• _REQUIRED WORK_: Retype only what runs from the beginning of the data through the line with "2.001.DAX Tipp-Spiel, Dienstag, 19.02.2013,17.45"; please omit the pictures and keep every line exact.

• _EXTRACTED ENTRIES_:
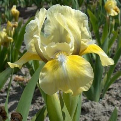 Ирис Doll Dear (Долл Диэ). Цветок желтый, бородка голубая. Красивый контраст. Очень свежий цвет. Украшение сада!
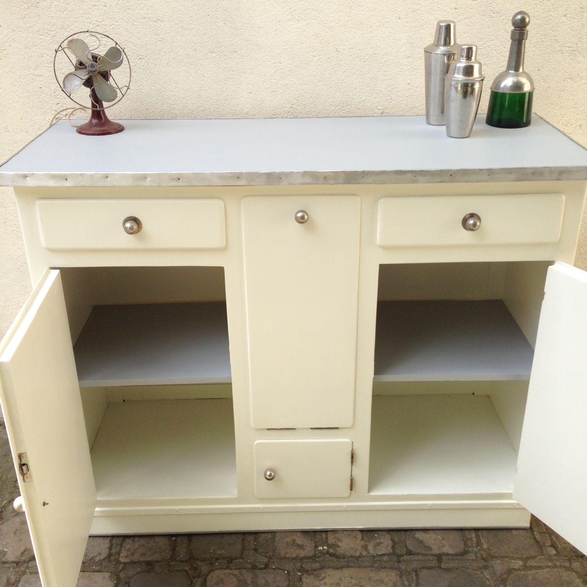 Très beau buffet entièrement poncé et repeint en crème. Le dessus et les étagères sont en gris perle.Le dessus et vernis pour plus de résistance.
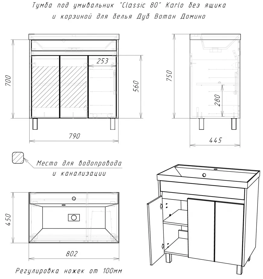 Характеристики товара Тумба под умывальник напольная Домино Karlo 80 белый/дуб вотан DK5304T
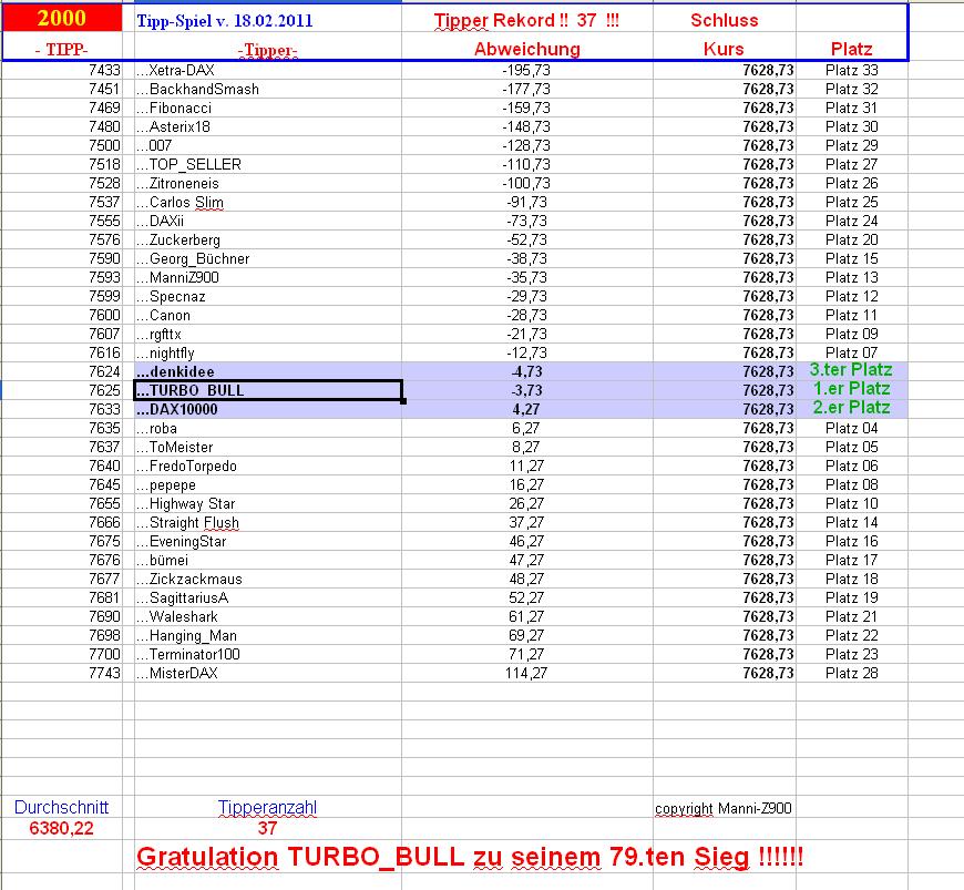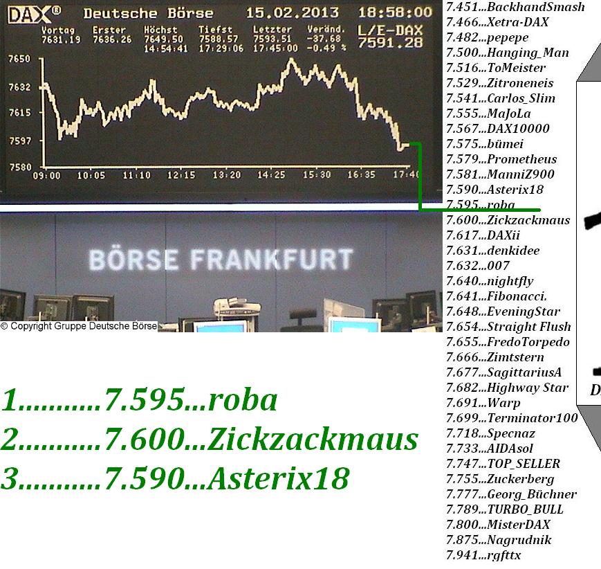 2.001.DAX Tipp-Spiel, Dienstag, 19.02.2013,17.45 Uhr, DAX ....???
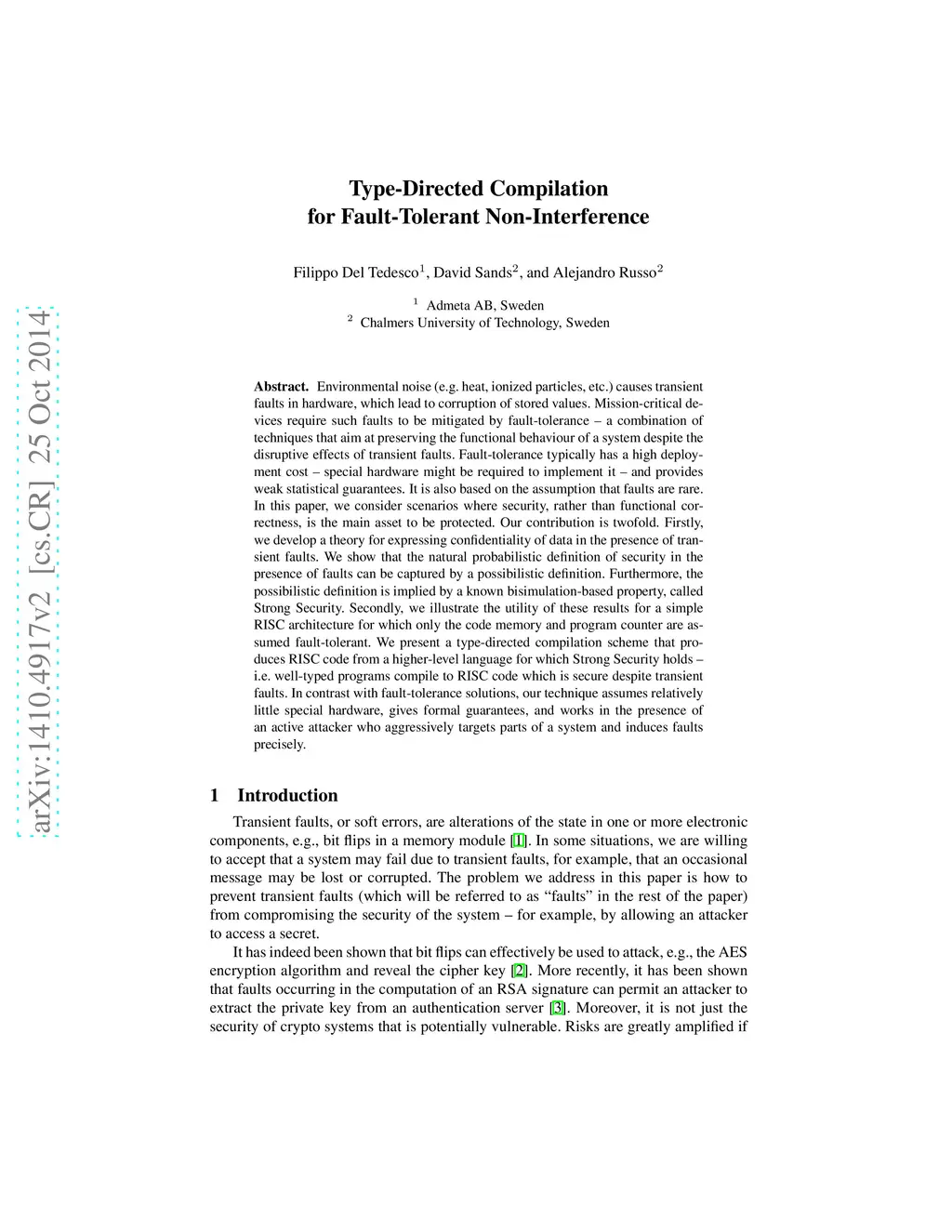 Environmental noise (e.g.heat, ionized particles, etc.) causes transient faults in hardware, which lead to corruption of stored values. Mission-critical devices require such faults to be mitigated by fault-tolerance --- a combination of techniques that aim at preserving the functional behaviour of a system despite the disruptive effects of transient faults. Fault-tolerance typically has a high deployment cost -- special hardware might be required to implement it -- and provides weak statistical guarantees. It is also based on the assumption that faults are rare. In this paper, we consider scenarios where security, rather than functional correctness, is the main asset to be protected. Our contribution is twofold. Firstly, we develop a theory for expressing confidentiality of data in the presence of transient faults. We show that the natural probabilistic definition of security in the presence of faults can be captured by a possibilistic definition. Furthermore, the possibilistic definition is implied by a known bisimulation-based property, called Strong Security. Secondly, we illustrate the utility of these results for a simple RISC architecture for which only the code memory and program counter are assumed fault-tolerant. We present a type-directed compilation scheme that produces RISC code from a higher-level language for which Strong Security holds --- i.e. well-typed programs compile to RISC code which is secure despite transient faults. In contrast with fault-tolerance solutions, our technique assumes relatively little special hardware, gives formal guarantees, and works in the presence of an active attacker who aggressively targets parts of a system and induces faults precisely.
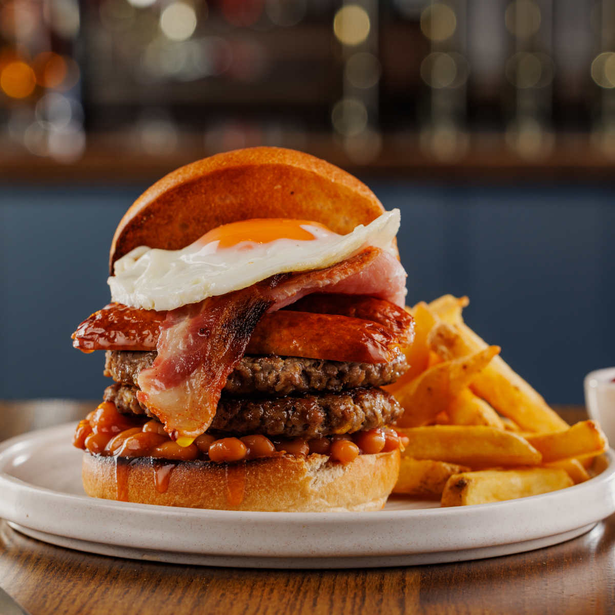 Traditional breakfast, pork sausages and bacon rashers served with a free-range fried egg, hash brown, mushrooms, tomato and baked beans | 9.99 1184 kcals

• _COMPLETED EXERCISE_:
 Ирис Doll Dear (Долл Диэ). Цветок желтый, бородка голубая. Красивый контраст. Очень свежий цвет. Украшение сада!
 Très beau buffet entièrement poncé et repeint en crème. Le dessus et les étagères sont en gris perle.Le dessus et vernis pour plus de résistance.
 Характеристики товара Тумба под умывальник напольная Домино Karlo 80 белый/дуб вотан DK5304T
 2.001.DAX Tipp-Spiel, Dienstag, 19.02.2013,17.45 Uhr, DAX ....???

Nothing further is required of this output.